(Saved entries)
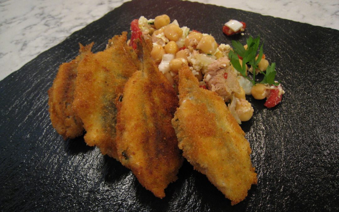- A los boquerones solo nos resta pasarlos por harina, huevo batido y pan rallado. Freírlos en virgen extra caliente hasta dorar y apartar sobre papel de cocina para que escurran.
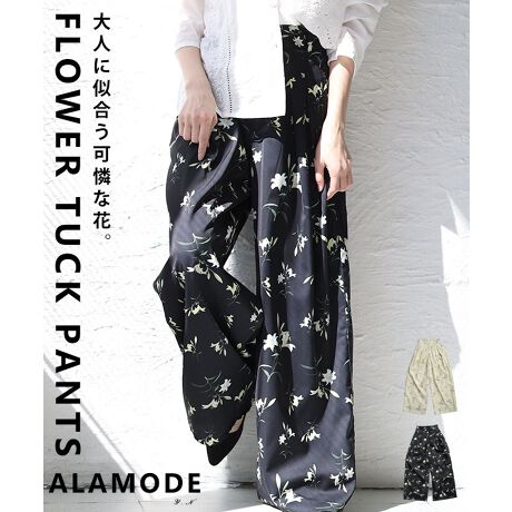フラワープリントが華やかなタックワイドパンツ。ふんわり広がるシルエットとタックの立体感で、穿くだけでこなれた印象に。シンプルなトップス合わせでも映える一本です☆
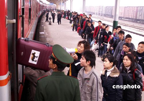 2月8日,成都铁路局福泉火车站出现节后第一次民工返程高峰。面对贵州民工流和旅游流的蜂拥而来,成都铁路局福泉火车站采取应急预案,确保民工有序购票乘车。中新社发 姜泽鹏 摄
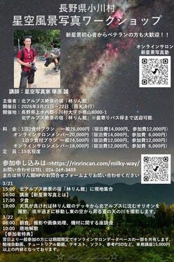 2026年のワークショップは長野県小川村の「北アルプス絶景の宿 林りん館」からスタート。文字通り宿のデッキから北はアルプスが綺麗に望めるので、夕食後には撮影地には移動することなく林りん館から北アルプスに沈むオリオンを撮影できます。撮影中は宿でぬくぬくできるのが良いですね。その後仮眠して朝方に東...
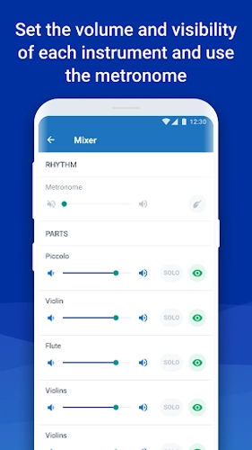 - 调整每个乐谱中每个乐器的音量和可见性。
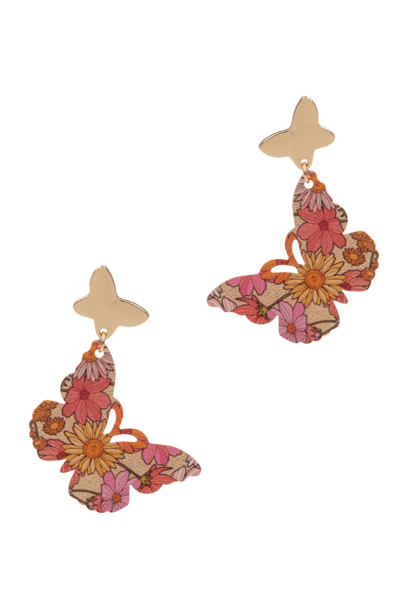 Add a touch of whimsy to your outfit with these 2-inch butterfly printed post earrings. Crafted with precision and care, these earrings feature vibrant and intricate designs that will make a statement wherever you go.
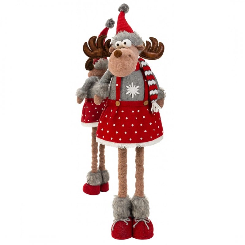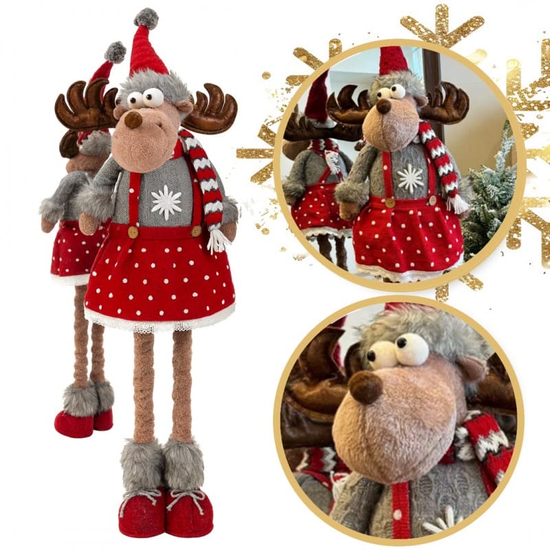 Renifer świąteczny na Boże Narodzenie, wyciągane nogi, z pluszu, 60-90 cm - KSN202
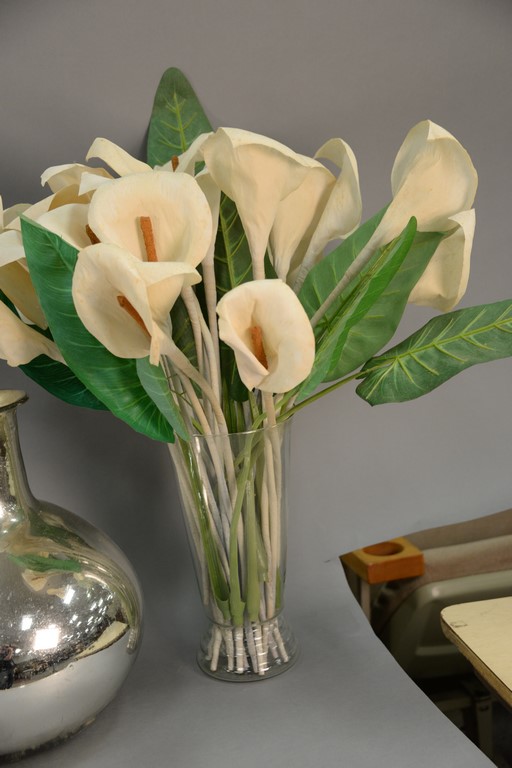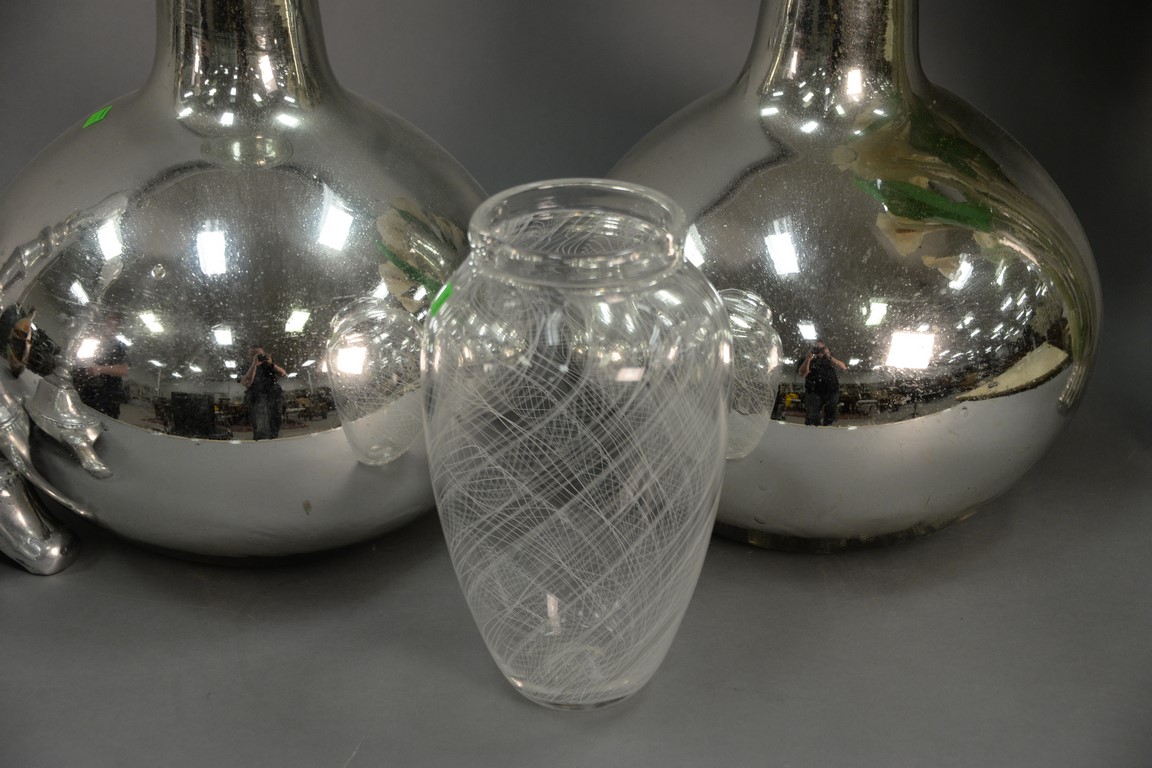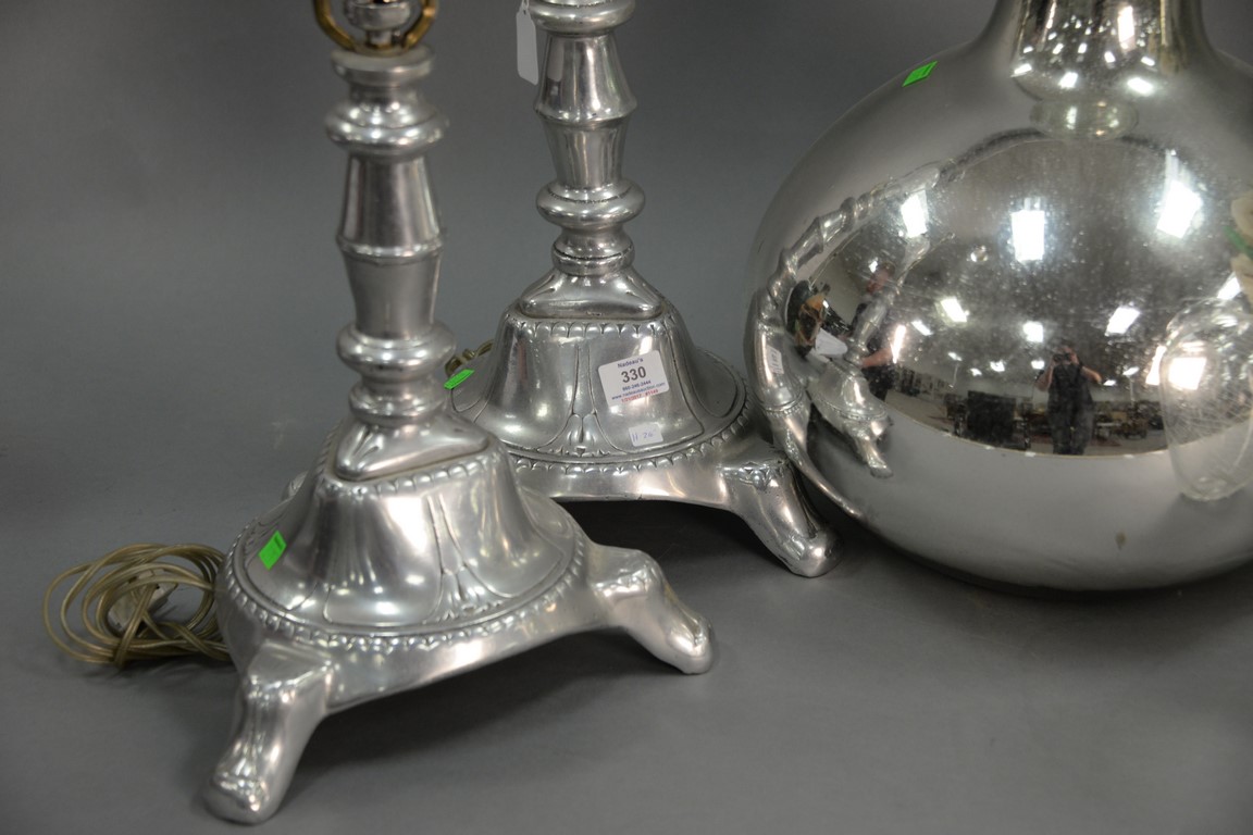 Lot 330: Six piece lot to include pair of mercury glass vases ht. 18in., pair of aluminum table lamps ht. 26in., glass vase of faux flowe…
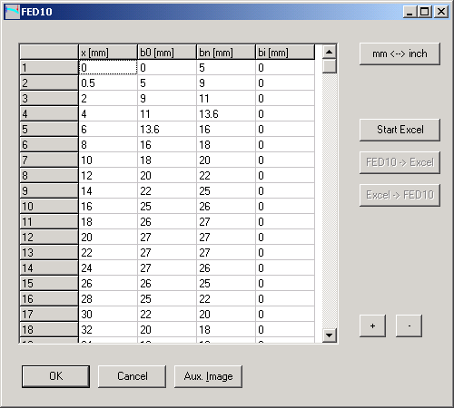 Die Abschnitte einer Blattfeder können nun alternativ als Tabelle im Programm oder mit MS-Excel eingegeben werden. Das ist sinnvoll bei komplizierten Formen, oder wenn die Kontur durch eine mathematische Formel beschrieben wird.
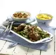 Cut the remaining peppers into thin rings. Arrange potatoes, meatballs and tomato sauce. Sprinkle with pepperoni rings.

**Exercise**.
The answer is the records above, repeated exactly, with no picture in it.

**Exercise response**.
- A los boquerones solo nos resta pasarlos por harina, huevo batido y pan rallado. Freírlos en virgen extra caliente hasta dorar y apartar sobre papel de cocina para que escurran.
フラワープリントが華やかなタックワイドパンツ。ふんわり広がるシルエットとタックの立体感で、穿くだけでこなれた印象に。シンプルなトップス合わせでも映える一本です☆
 2月8日,成都铁路局福泉火车站出现节后第一次民工返程高峰。面对贵州民工流和旅游流的蜂拥而来,成都铁路局福泉火车站采取应急预案,确保民工有序购票乘车。中新社发 姜泽鹏 摄
 2026年のワークショップは長野県小川村の「北アルプス絶景の宿 林りん館」からスタート。文字通り宿のデッキから北はアルプスが綺麗に望めるので、夕食後には撮影地には移動することなく林りん館から北アルプスに沈むオリオンを撮影できます。撮影中は宿でぬくぬくできるのが良いですね。その後仮眠して朝方に東...
 - 调整每个乐谱中每个乐器的音量和可见性。
 Add a touch of whimsy to your outfit with these 2-inch butterfly printed post earrings. Crafted with precision and care, these earrings feature vibrant and intricate designs that will make a statement wherever you go.
 Renifer świąteczny na Boże Narodzenie, wyciągane nogi, z pluszu, 60-90 cm - KSN202
 Lot 330: Six piece lot to include pair of mercury glass vases ht. 18in., pair of aluminum table lamps ht. 26in., glass vase of faux flowe…
 Die Abschnitte einer Blattfeder können nun alternativ als Tabelle im Programm oder mit MS-Excel eingegeben werden. Das ist sinnvoll bei komplizierten Formen, oder wenn die Kontur durch eine mathematische Formel beschrieben wird.
 Cut the remaining peppers into thin rings. Arrange potatoes, meatballs and tomato sauce. Sprinkle with pepperoni rings.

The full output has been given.